May 6, 2008 at 10:48 pm
How spectacular are you? This is the best thing I’ve heard/read/felt all week.
May 6, 2008 at 11:02 pm
I’m so glad, and I can sooo totally see you out there walking and soaking in the joy that is life.
May 6, 2008 at 11:08 pm
I am so glad that your beautiful boys and you are able to go outside and enjoy wonderful walks together.
I had the pleasure of meeting a women this past weekend that made me think of you. This beautiful woman so full of life and love for others crossed my path because of maternity clothes. She has a young son who is 6 months old…the same age as my baby girl…and she is 8 weeks pregnant with her second. She needed new maternity clothes because she got rid of all of her maternity clothes from the first pregnancy because her doctor told her that she could never get pregnant again because of her breast cancer diagnosis. Shortly after her double mastectomy was when she learned that her second child was growing under her heart.
Her doctor wants her to have a “medically necessary” abortion, but she is refusing. Her faith in God and his love for all of us is so strong.

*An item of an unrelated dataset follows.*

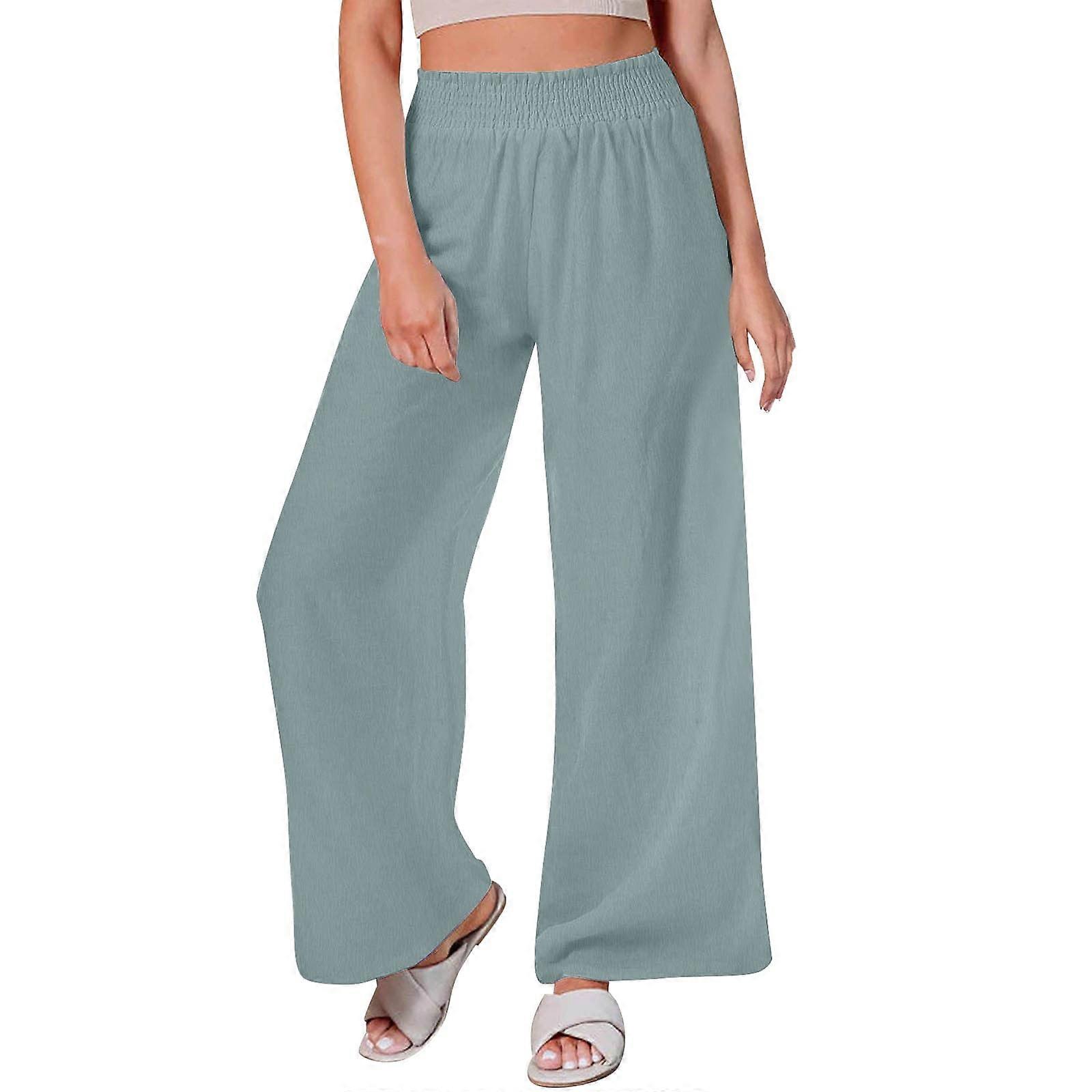 Women's High-Waisted Casual Trousers, Solid Blue Washed Elastic Waist Pants for Spring/Summer – M

I know that just like you, she will soon be in remission and enjoy walking to the park, pushing a stroller with her two beautiful babies. And everyone will stop and smile at the beautiful sight.
May 7, 2008 at 2:40 am
That recovery of strength is hard to describe until you’ve been there. It sounds so illogical … darn, it probably *is* illogical. But living it was good and now you’re getting to know it as well. Splendid.
May 7, 2008 at 2:58 am
That is absolutely wonderful.
May 7, 2008 at 6:22 am
Wish I was there laughing along with you. But then again, I think we all are.
May 7, 2008 at 11:03 am
As always, I’m so inspired by your post. I’m so happy that you can take those walks again. YAY!
May 7, 2008 at 4:53 pm
Good for you. I’m sure your boys are pleased with that.
May 7, 2008 at 7:20 pm
Yay for you, girl!!!!!!!!
May 21, 2008 at 8:44 am
You are walking more than I do!! That is great!!